As discussed here back in 2008, a big part of Barack Obama’s approach to politics has involved efforts to force Republicans either to compromise or to split. As we all know now, the GOP has been extraordinarily resistant to pressure to compromise. And while Obama did succeed in peeling off a small but significant portion of prior Republican voters in 2008 and 2012, the long-awaited GOP split between old-school Republicans and the ascendant and increasingly radical movement conservatives hasn’t transpired, either.
In the wake of the government shutdown/debt default mess, there’s now fresh hope, and some fresh evidence, that things could be shaking loose within the GOP. I addressed this possibility rather skeptically at Washington Monthly today.

Today’s new revelations from the latest NBC/WSJ survey on favorable/unfavorable ratings for the GOP among its rank-and-file will doubtless fan speculation about a potential split. They show GOP favorability among self-identified Republicans dropping to 49/26 (as compared to 73/7 among Democrats).
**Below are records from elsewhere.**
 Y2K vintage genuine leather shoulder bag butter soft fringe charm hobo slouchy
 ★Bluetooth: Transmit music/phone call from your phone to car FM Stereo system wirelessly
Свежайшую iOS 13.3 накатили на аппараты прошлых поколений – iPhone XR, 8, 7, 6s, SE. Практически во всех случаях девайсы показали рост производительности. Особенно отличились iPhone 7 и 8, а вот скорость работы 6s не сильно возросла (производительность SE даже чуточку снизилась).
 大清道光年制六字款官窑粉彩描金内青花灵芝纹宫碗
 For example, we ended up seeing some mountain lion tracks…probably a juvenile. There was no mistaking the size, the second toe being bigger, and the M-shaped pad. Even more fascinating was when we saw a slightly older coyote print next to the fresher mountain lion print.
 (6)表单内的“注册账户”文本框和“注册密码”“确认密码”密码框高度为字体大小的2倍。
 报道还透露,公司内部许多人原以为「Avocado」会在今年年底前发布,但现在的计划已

Moreover, non-Tea Party Republicans are exhibiting significantly more disgruntlement (41/32) than Tea Party Republicans (56/21). On top of that, in a hypothetical three-way generic congressional contest involving a Democrat, and Republican, and a third party/independent candidate, non-Tea GOPer are more likely to go indie (32% as opposed to 25% for Tea Folk). Chuck Todd and his colleagues at NBC’s First Read place a lot of stock in these latter numbers indicating that threats of defection from the GOP are now graver from “the center” than “the right.”
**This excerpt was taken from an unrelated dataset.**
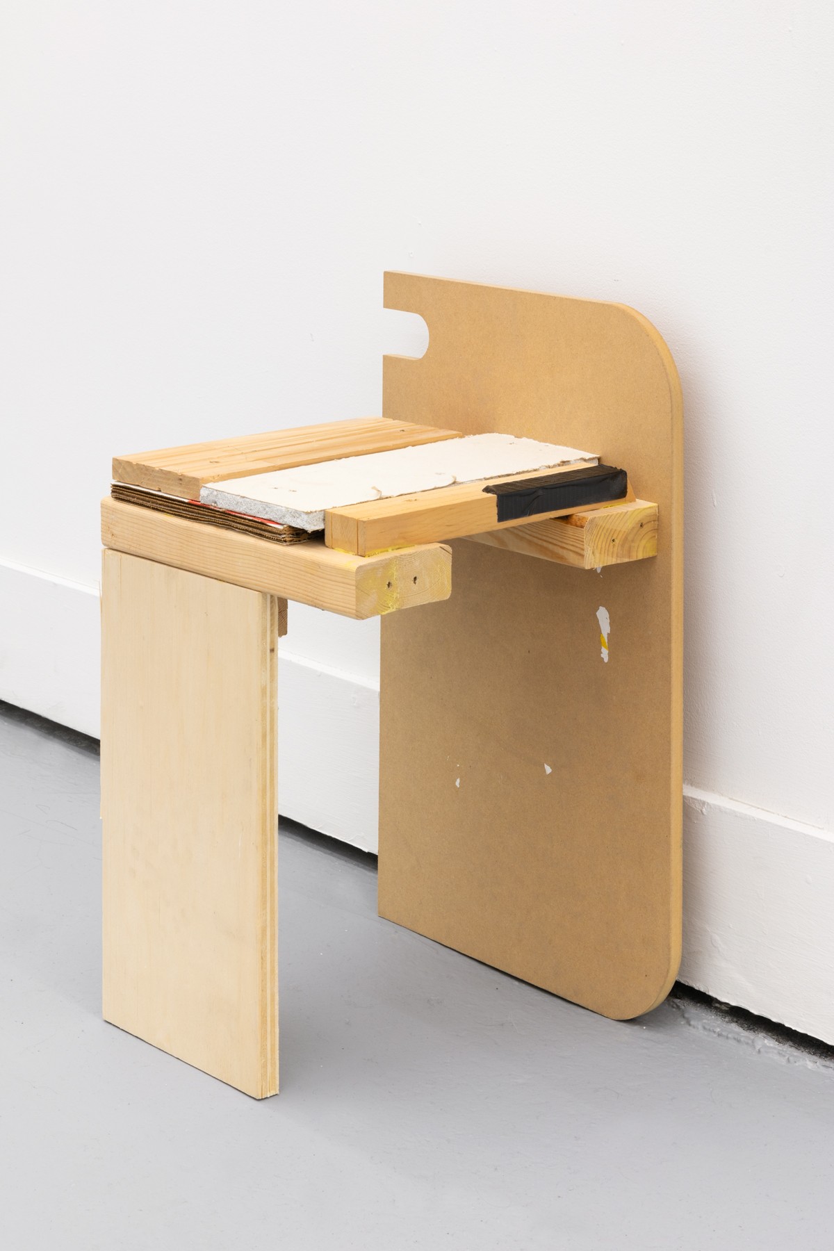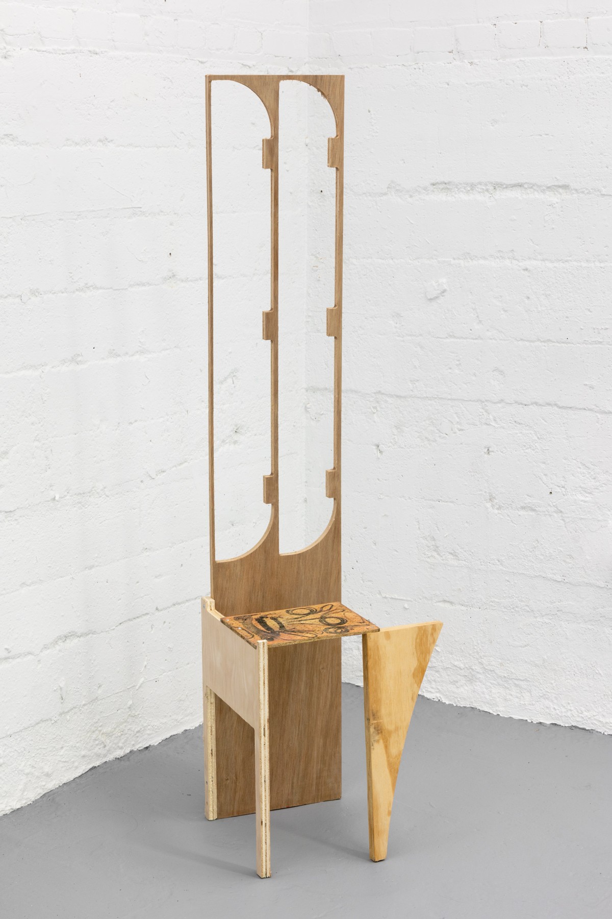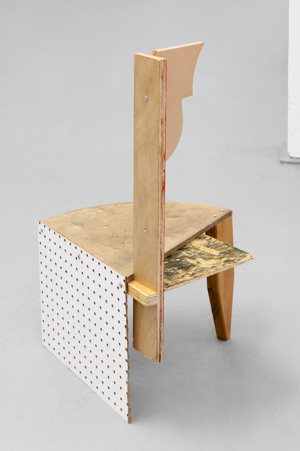 Crockard’s All Thumbs series evolved out of his interest in “readymade” as well as his back-ground in collage. The earliest forms of the series were constructed from off-cuts sourced from a local trade-school and dumpster diving behind a theatre company near his studio. This found material is then reconstructed into different versions of the most ubiquitous of all design objects – the chair. Through this process, Crockard sets both material and conceptual restraints as a way to complicate and extend the possiblities of making.
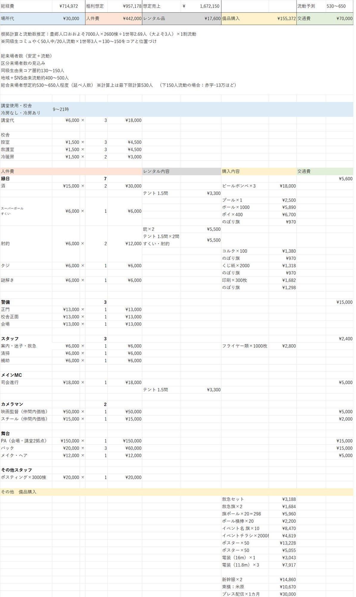 ※中核規模のイベントの為、個人管理の懸念の場合、管理企業を1社起用。その場合、想定とし10~20万ほどの足出を想定。開催における70~90万をクラファン想定範囲に位置づけている。内30万程を自己資金にて先経費とし流入予定。

Maybe, but maybe not. When you stare at all these numbers, some problems emerge.

For one thing, while Republicans are broken down into Tea and Non-Tea factions, independents are not. Given the past tendency of Tea Folk to disproportionately identify as indies even though they almost all vote overwhelmingly Republican, Republican identifiers within the Tea Nation are obviously going to be relatively quite loyal.
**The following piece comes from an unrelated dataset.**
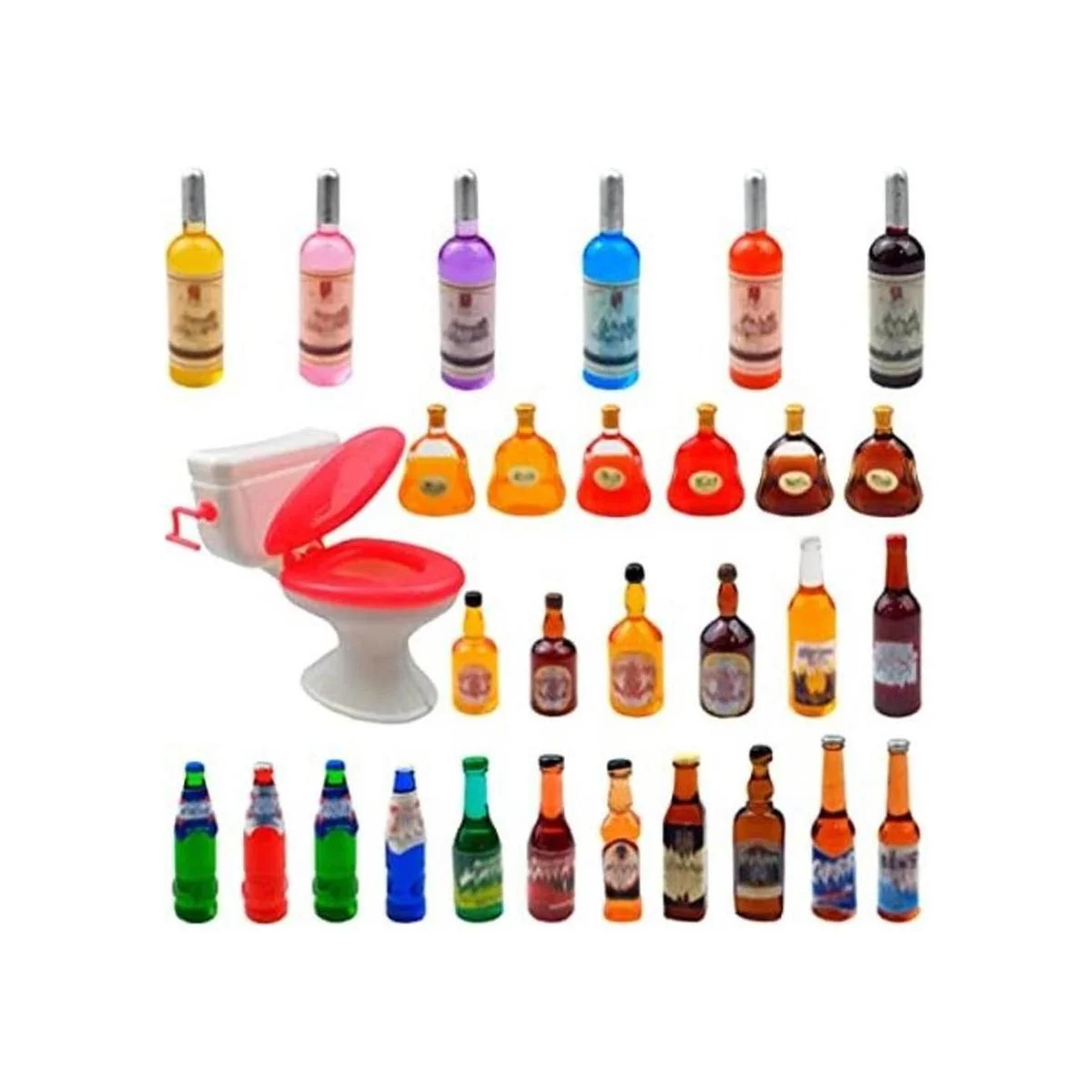 30 piezas de 29 estilos de mini botellas de vino con 1 juguete de inodoro en miniatura de plástico, divertido juego de regalo para decoración de fiesta de cumpleaños, despedida de soltera

More importantly, happiness and unhappiness with the current condition of the GOP is likely to have different meanings for different Republicans. If one stipulates that the GOP is dangerously right-wing these days, the numbers look a little different: add together the 56% of Tea Folk who feel good about it with the 21% who likely think the party should be more conservative, plus the 41% of non-Tea GOPers who are happy with the party’s direction, and you don’t exactly have a mandate for moderation, do you? (And this is totally aside from the reality that Tea Folk are significantly more likely to participate in Republican primaries).
As for the third-party support findings, they are indeed interesting, but in the absence of any identification of what kind of ideology an indie/third-party would stand for, it’s really just an indication of party loyalty, which brings us full circle. Fully 61% of self-identified indies in the survey say they’d support an indie/third-party candidate, but it’s hard to know what if anything that means if you don’t know whether we’re talking about a hard-core Tea Party candidate or some sort of Michael Bloomberg “centrist.”
So while pursuing a split in the GOP is obviously an important Grand Strategy goal for Democrats–it’s been a big part of Obama’s Grand Strategy from the get-go–and while Democrats are much happier with their party than Republicans, it’s a bit early for the Donkey Party to declare any kind of victory or even a major advance. If you add in the fact that elected officials are massively less likely to defy party discipline than the rank-and-file, perhaps the most we can say is that the preconditions for a GOP split are coming into view, but still at a great distance until such time as we see more evidence.

Democrats are just going to have to be patient, and work harder, if they want to see the GOP rupture or lose many millions of previous voters.